Partial characterization of a metalloendopeptidase activity produced by cultured endothelial cells that removes the COOH-terminal tripeptide from 125I-atrial natriuretic factor.

The presence of the COOH-terminal region of human atrial natriuretic factor-(99-126) (hANF) is necessary for the full expression of its biological activity.
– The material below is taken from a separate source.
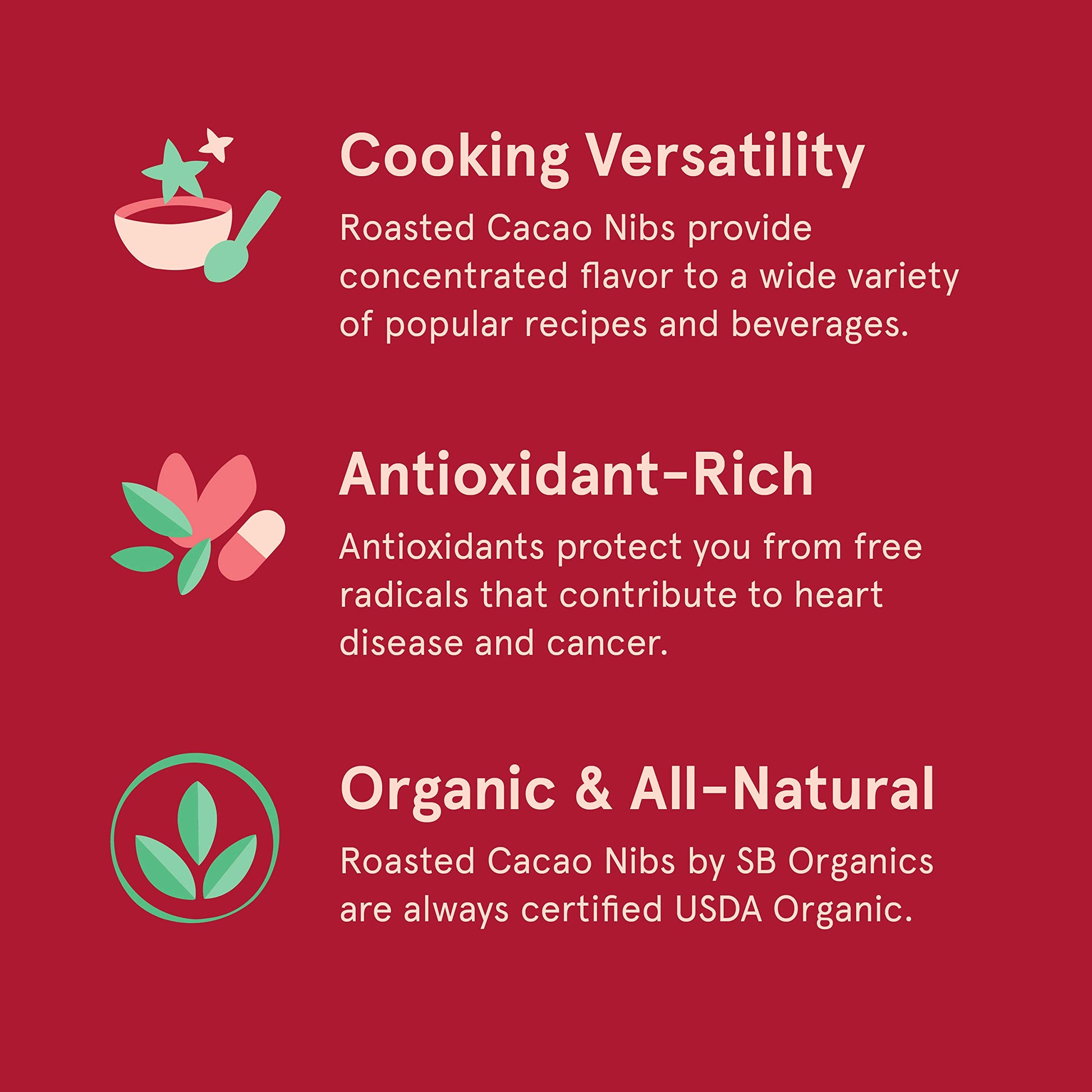 Simply Better: Our Process Begins With The Cacao Tree In The Lush Forests Of Peru. We Harvest And Ferment The Cacao Beans, Crush Them Into Pieces, Then Roast Them To Enliven The Bold Flavors And Crunchy Texture. | Nutrient Rich: Add This Excellent Source Of Manganese And Antioxidants To Your Mole Sauce, Almond Butter, And Trail Mix To Capture The Truest Essence Of Chocolate Without The Negative Health Effects Of Added Sugar. | Certified Organic: Roasted Cacao Nibs By Sun Bay Foods Is Certified Usda Organic. Certified By Earth And Certified Vegan By Vegan Verified. Made Without Gmos, Additives, Or Preservatives. | Quality Assured: Your Health Matters To You, So It Matters To Us. Our Roasted Cacao Nibs In Addition To Every Sun Bay Foods Product Is Third-Party Lab Tested For Purity, Quality, And Safety. | Our Mission: At Sun Bay Foods, We Care Not Only About The Quality Of Our Products, But How We Care For The Earth. That'S Why We'Re Dedicated To Bringing You Nutritious, Sustainably-Sourced Products From All Around The World. This Is Taste You Can Savor, And Quality You Can Count On.
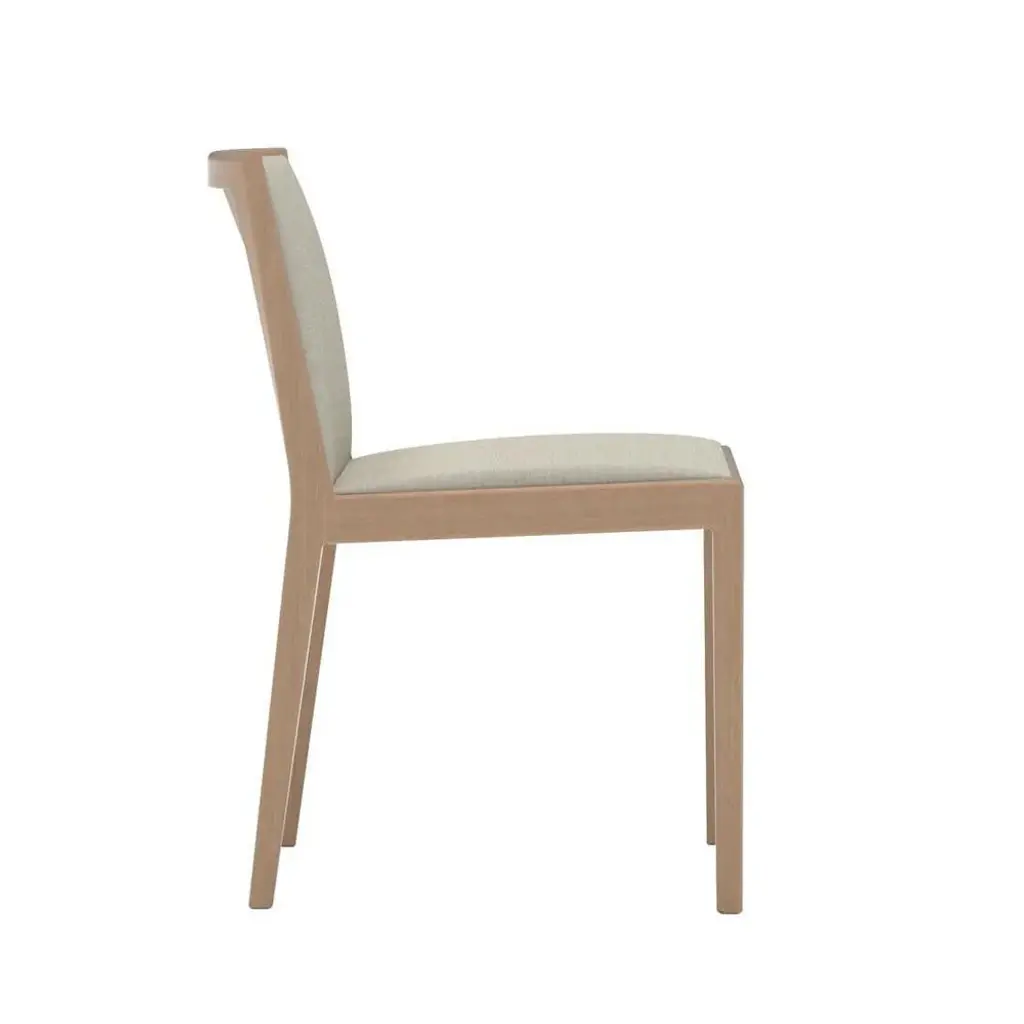 Chair with upholstered seat and backrest and solid beech wood frame.In all of its versions, Carlotta is inviting and resilient. This timeless design is noted for its versatility in both contract and residential applications for its simple, classic lines. It is offered with two different backrest heights.

Here, we report on the partial characterization of a proteolytic activity in the conditioned medium from cultured bovine aortic endothelial cells that cleaves the Ser123-Phe124 bond of 125I-hANF generating the COOH-terminal tripeptide. The concentrated conditioned medium was fractionated by gel filtration high performance liquid chromatography and fractions were assayed for the ability to generate the COOH-terminal tripeptide from 125I-hANF. This analysis indicated that the protein responsible for this activity had an approximate molecular weight of 200,000 daltons. Of 16 protease inhibitors tested, only 1,10 phenanthroline, EDTA, EGTA and N-ethylmaleimide significantly inhibited the endopeptidase activity. Thus, we conclude that cultured bovine aortic endothelial cells produce a potentially novel phosphoramidon-insensitive metalloendopeptidase that removes the COOH-terminal tripeptide from 125I-hANF.